This is part 2 of my earlier post about the critical role that B2B e-Commerce technologies play in the supply chain for back to school season. If you are planning to purchase supplies for back-to-school season then chances are high that you will be fewer than six degrees of separation from B2B e-Commerce technologies. Read my post below to learn about the various different steps that are involved with getting products to retail locations in your neighborhood.
Shipping
The first step in the multi-phased shipping process is to transport the goods via a truck from the supplier’s plant in Shenzhen to the nearest ocean port, perhaps in Hong Kong. At the port goods are loaded onto a steamship for travel to the US. The supplier may arrange for their own transportation or they might outsource the function to a specialized freight forwarder. Communications between freight forwarders, exporting suppliers and ocean freight carriers such as booking requests and freight invoicing are often automated via EDI. It is very common for either an importer or exporter to purchase cargo insurance for goods transported via ocean freight. An insurance policy provides financial reimbursement in the event of a loss or damage to goods caused by collision, sinking, explosions, piracy or inclement weather.
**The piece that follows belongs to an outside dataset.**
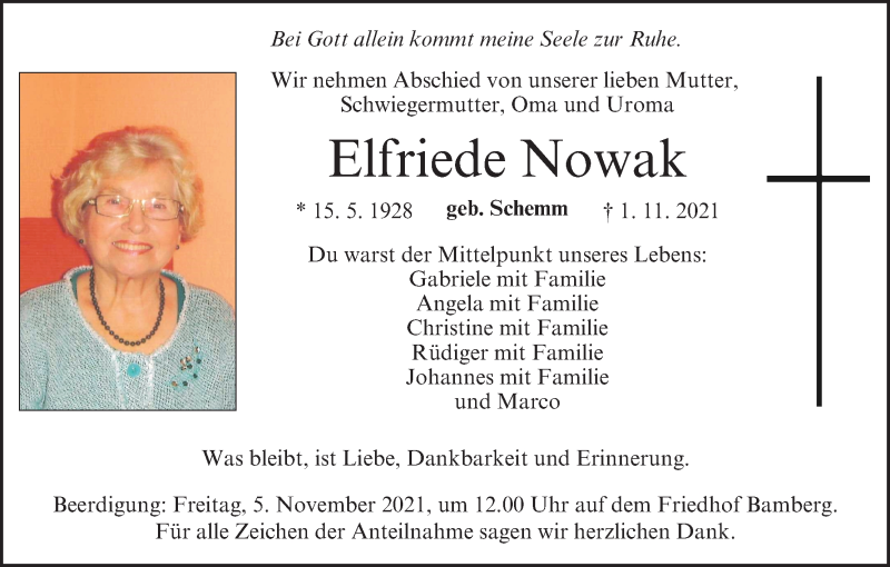 Hier finden Sie alle Traueranzeigen aus der Zeitung, die bisher für Elfriede Nowak erschienen sind. Weitere Traueranzeigen, die in der Zeitung erscheinen, werden hier ebenfalls aufgelistet

There are specific EDI transactions which are utilized to request cargo insurance policies and submit claims between importer-exporters, transportation carriers and insurance underwriters.
B2B e-Commerce Document Flow in the Retail Supply Chain
Exporting and Importing
Export declarations need to be filed with the local customs agencies before the steamship may depart. For goods destined for the US, import declarations and customs filings must be completed 24 hours before the ocean vessel departs from its point of origin. Import and export declarations are becoming increasingly complex as regulations on homeland security are extended and free trade agreements between nations are expanded. Consequently, many buyers and suppliers are hiring specialized customs brokers to manage the declaration process. Both import and export declarations are highly digitized process using B2B technologies. For many shipping hubs such as Singapore and Hong Kong the speed with which import and export processes can be performed is a key differentiator for the country’s logistics providers. Consequently, the ability to eliminate inefficient paper-based processes from international trade is a key focus area.
Ground Transportation
Once the goods arrive in the US and clear customs inspections, the containers will be transferred to a railcar or truck for routing to their final destination. Perhaps the destination for this specific container is the department store’s distribution center outside of Chicago. Again, EDI will be used to arrange for the transportation with specialized messages for load tendering and booking. As the goods are transported the trucking or rail company may provide a shipment status update electronically to the buyer and/or supplier. And when the goods arrive at their final destination, the transportation carrier will typically send an electronic proof of delivery back to the supplier in China as a confirmation.
Invoicing
Upon confirmation of delivery, the supplier will send an electronic invoice to the department store requesting payment. The retailer’s accounts payable group will validate the invoice to ensure that the arithmetic is correct and that the bill matches the original purchase order. The retailer will also compare the invoice to the actual goods received. In some cases, the goods may have been damaged while in transit. In other cases, the supplier may have shipped the wrong quantity or type of product. Consequently, a deduction or debit is posted against the invoice. Suppliers are notified of debits against their invoices by a specialized type of EDI transaction and offered the opportunity to dispute the retailer’s deduction. Upon resolution of any disputes between the retailer and supplier the invoice is approved. However, approval does not necessarily equate to a payment.
Factoring
Retailers often have extended payment terms with their suppliers which specify that payment is not due until 60 days after receipt of the invoice. Suppliers can elect to receive payment faster through a number of commonly available financing programs. For example, the supplier can bundle the invoice with other receivables and sell them to a third party factoring company such as CIT. Another popular option is a supply chain finance program, in which, the retailer’s bank will pay a supplier as soon as the invoice is approved. In both of these models, the supplier is paid immediately in exchange for a 1-2% discount against the value of their invoice. And in both of these models, the use of electronic invoicing is a critical to ensure the approval and payment processes can be expedited.
How Supply Chain Finance Works
Payment
Let us assume that the supplier did not elect to receive an early payment for the invoice. In such a scenario, the retailer will wait until a few days before the invoice matures then sends a payment instruction to their bank to transfer funds to the supplier. The electronic funds transfer may be performed immediately using a wire transfer system or in 1-2 days using an Automated Clearing House (ACH). In either case all of the electronic funds transfers leverage B2B integration technologies. The retailer sends the payment instruction to the bank in a specialized EDI or XML document. The banks use electronic transactions standardized by the National Automated Clearinghouse Association (NACHA) to affect the funds transfer. In addition to the payment, the retailer will also send the supplier a remittance advice in EDI format. The remittance advice provides a detailed explanation of the payment made as well as any credits or debits issued against the invoice.